Editor&Publisher: News Outlets Shun Word 'Torture' in Regard to Destroyed CIA Tapes
By Greg Mitchell
Published: December 08, 2007
NEW YORK As the protests surrounding revelations that the CIA had destroyed tapes that showed brutal interrogations by its agents (were reported on), most new outlets refused to brand what the tapes likely showed as "torture."
One Associated Press article refers simply to "interrogation" on the tapes, at one point putting "enhanced interrogation" in quotes.
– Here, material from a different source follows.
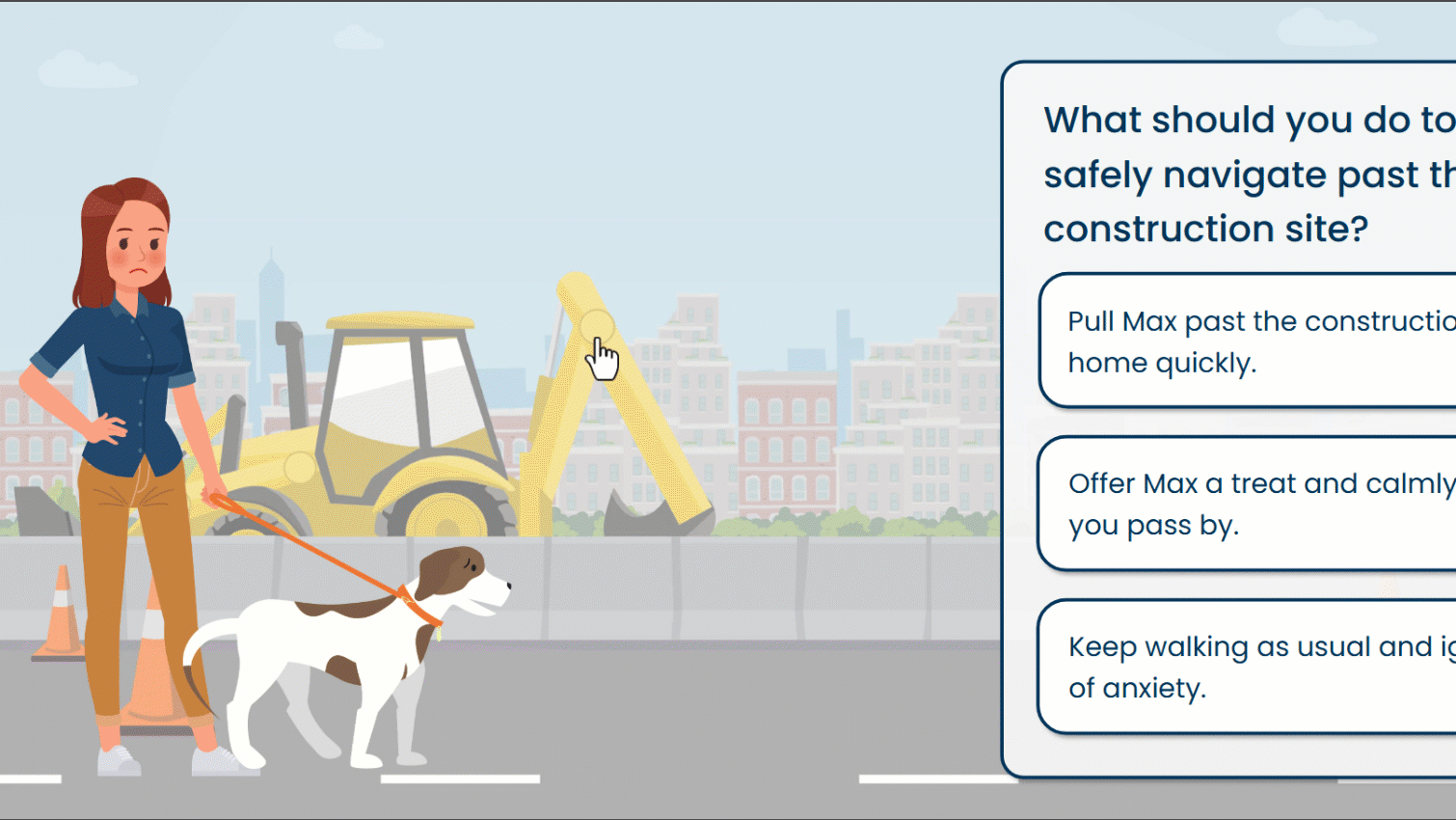 After testing the prototype, I moved into full development in Storyline 360, refining timing, visuals, and interactions based on feedback. I used variables to dynamically update the learner's selected avatar and dog throughout the experience and built in visual feedback for every decision.
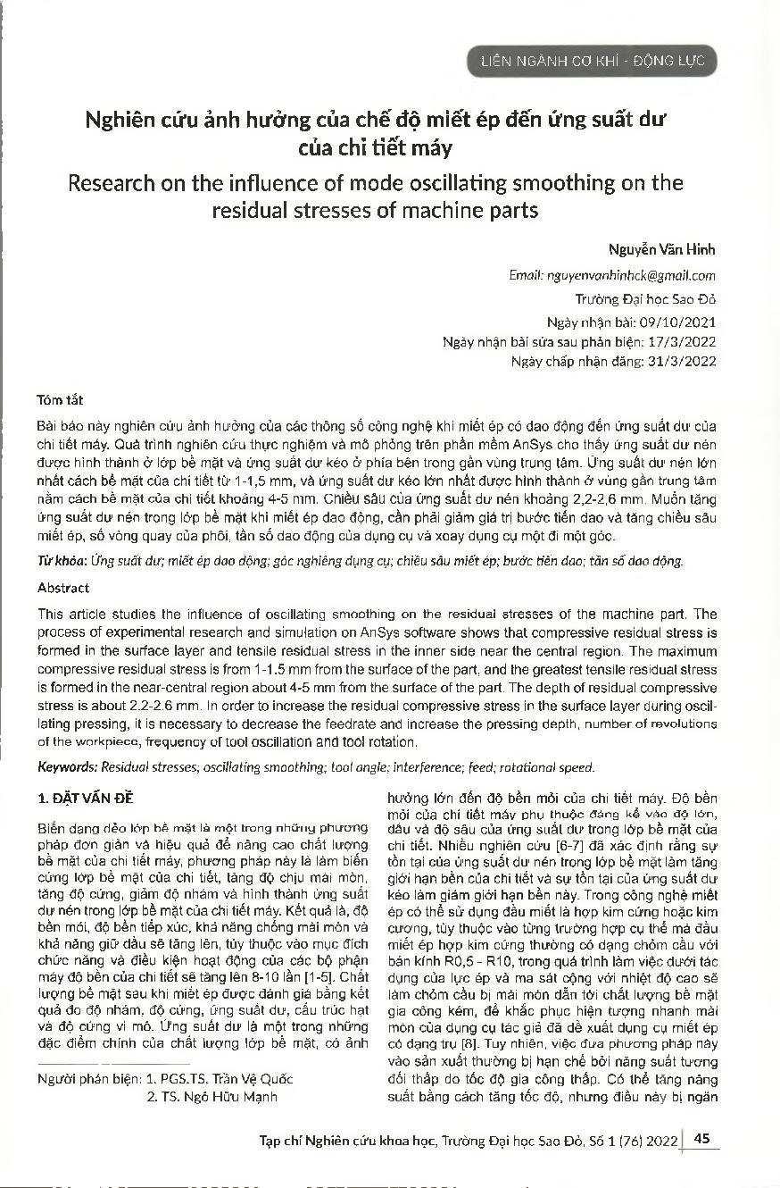 Nghiên cứu ảnh hưởng của chế độ miết ép đến ứng suất dư của chi tiết máy = Research on the influence of mode oscillating smoothing on the residual stresses of machine parts

Another refers to "harsh interrogation." Mark Mazzeti in The New York Times uses "severe interrogation methods." Eric Lichtblau in the same paper uses the same phrase.
Dan Eggen and Joby Warrick in The Washington Post rely on "harsh interrogation tactics." They refer to one detainee having been "identified by intelligence officials as one of three detainees subjected to waterboarding," which they refer to not as torture but as "an aggressive interrogation technique that simulates drowning."
James Oliphant at the Chicago Tribune's popular Washington, D.C. blog The Swamp calls them "extreme methods to interrogate." James Gordon Meek in New York's Daily News referred to "rough interrogations."
Greg Miller in the Los Angeles Times notes the CIA's reference to "harsh interrogation techniques" but at least in his lead he observes that Democrats were indeed calling this "torture." And a Washington Post editorial bluntly carries as a headline: "The Torture Tapes."